In the days before everyone from Brunello Cucinelli on down to Uniqlo carried cashmere, buying the ritzy fabric was a relatively simple thing explains "Cashmere Confidential", an interesting piece in the Wall Street Journal's lifestyle section. The fibers were harvested from the bellies of goats in India & Tibet, spun in Scotland and when you went shopping for a sweater, you got what you paid for.
"In the old days, cashmere had a certain allure, and the allure created a certain price point," notes one cashmere veteran who has repped Pringle of Scotland as well as a number of other Scottish woolen mills. However, now that cashmere is no longer rare or necessarily expensive and can be had - brand new! - for under $100, cashmere has become "generic, like a jockey short."
Part of the reason is that the supply chain has expanded beyond India & Tibet into Afghanistan, Iran & Mongolia, and many manufacturers, including some of the most respected purveyors not only sell lower grades of cashmere but engage in questionable practices. Many use fibers of varying lengths, spin the wool after dyeing before it's fully dried and wash the sweaters in an artificial softener or repeatedly in order to soften them up - which makes them fluffy and soft on the sales floor but can really cut into how well an item will wear, especially how soon it begins to pill.

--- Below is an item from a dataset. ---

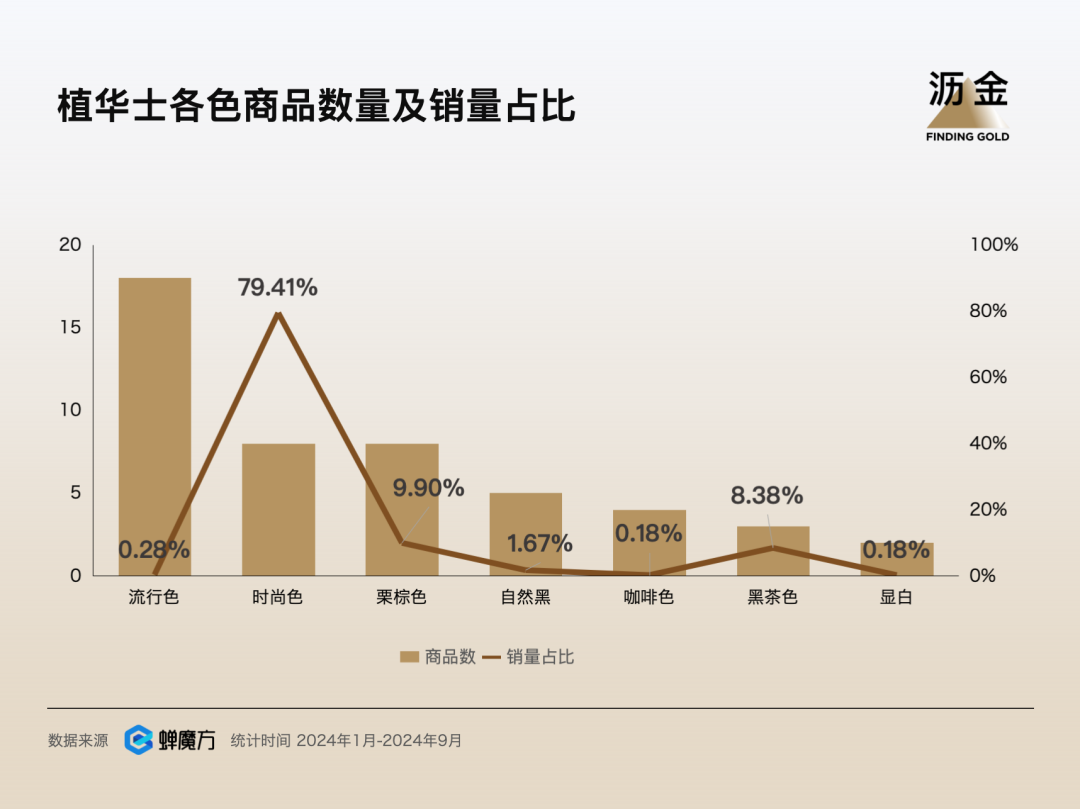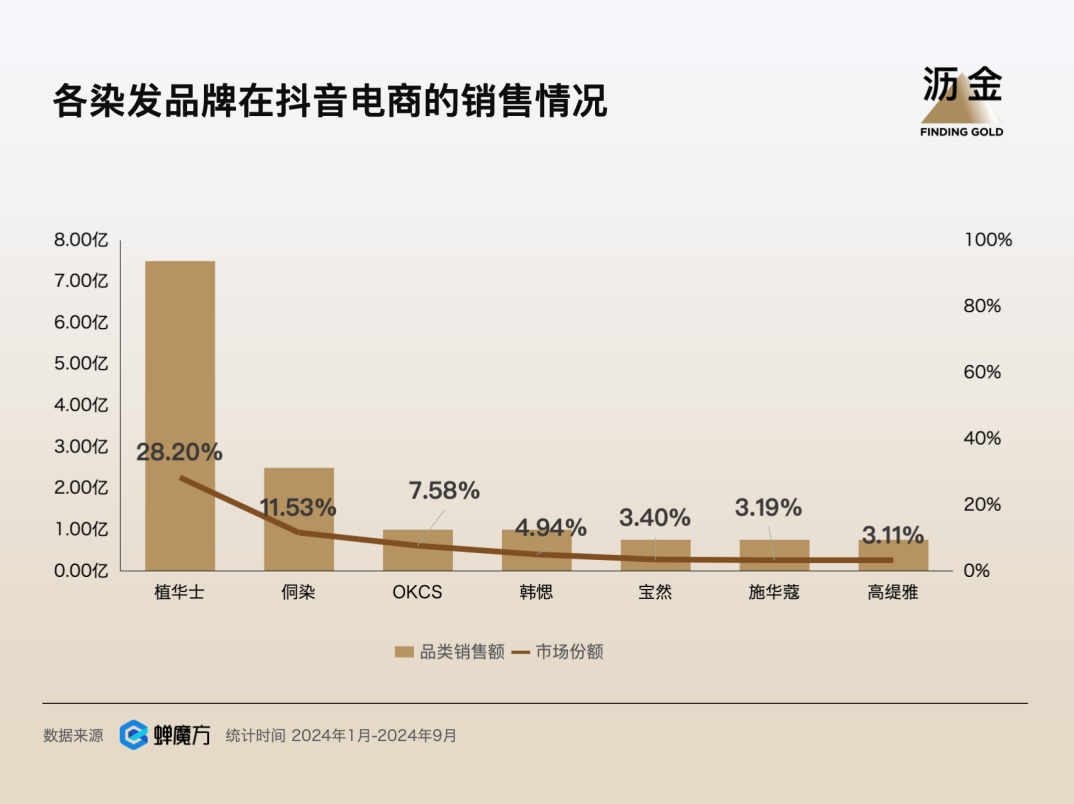 据蝉魔方介绍,今年以来,植华士和侗染品牌在染发跑道上占据了近40%的份额,主要推广纯天然植物原料,植华士在悬崖上处于领先地位。

Some ways they suggest to test the quality of cashmere:
- When cashmere is of high quality, the knit will be dense, so when you stretch it with your hands, it reverts immediately to its former shape. Inferior cashmere contains cheaper fibers and the resulting fabric doesn't snap back quickly.

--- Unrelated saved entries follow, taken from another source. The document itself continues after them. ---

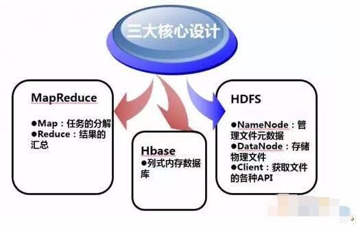 (2)Hadoop的核心是MapReduce(映射和化简编程模型)引擎,Map意为将单个任务分解为多个,而Reduce则意为将分解后的多任务结果汇总,该引擎由JobTrackers(工作追踪,对应命名节点)和TaskTrackers(任务追踪,对应数据节点)组成。当处理大数据查询时,MapReduce会将任务分解在多个节点处理,从而提高了数据处理的效率,避免了单机性能瓶颈限制。
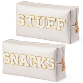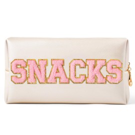 Y1tvei SNACKS STUFF Bag Pouch - Preppy White Snacks Stuff Chenille Varsity Letter Makeup Bag Leather Waterproof Toiletry Cosmetic Zipper Pouch for Purse Travel Organizer Gift for Women(Shell Gold)
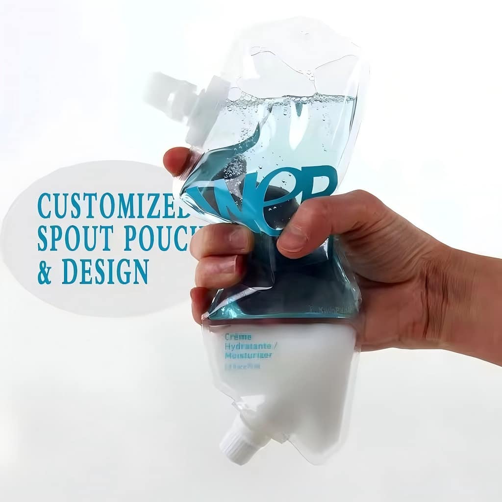 Compared to rigid plastic bottles or separate containers, a 2-in-1 pouch uses less plastic material, making it a more sustainable and lightweight packaging choice.
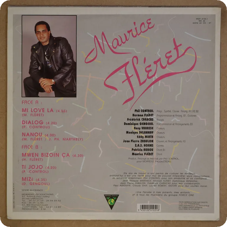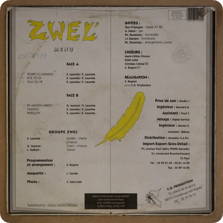 Timothey Herelle leads this zouk LP that also features such French Caribbean cats as Frederic Caracas & Patrick Parole. Sleeve has some wear, writings on front, plays with light to hardly noticeable noise from numerous surface marks.
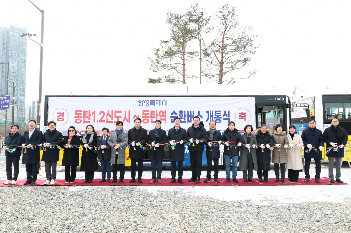 이날 동탄패밀리풀에서 열린 개통식에는 정명근 화성특례시장, 배정수 화성특례시의회 의장, 전용기 국회의원, 도·시의원, 시민 등 30여 명이 참석해 동탄역 순환버스 개통을 축하했다.

- Hold it up to the light; it should be dense enough that you cannot see through it. If you can, it means inferior quality. "Cheaper brands knit with more space because it takes less time and cashmere," adds Cedric Turk of the upscale French cashmere brand Zilli.
- Look at the overall weave of the knit. If you see any ripples or wrinkles, dubbed "chicken feet" by cashmere insiders, it means it was knit too quickly.
- Higher ply is always better (= more cashmere) and helps give the final product heft while at the same time feeling light as air. Even if it feels a tad coarser than you might have expected (especially with high-quality Scottish cashmere), it just means it wasn't excessively washed or otherwise abused before arriving in the store (which can happen with French or Italian cashmere) and it will last for a long time without pilling, decades even, becoming cozily perfect with time and use.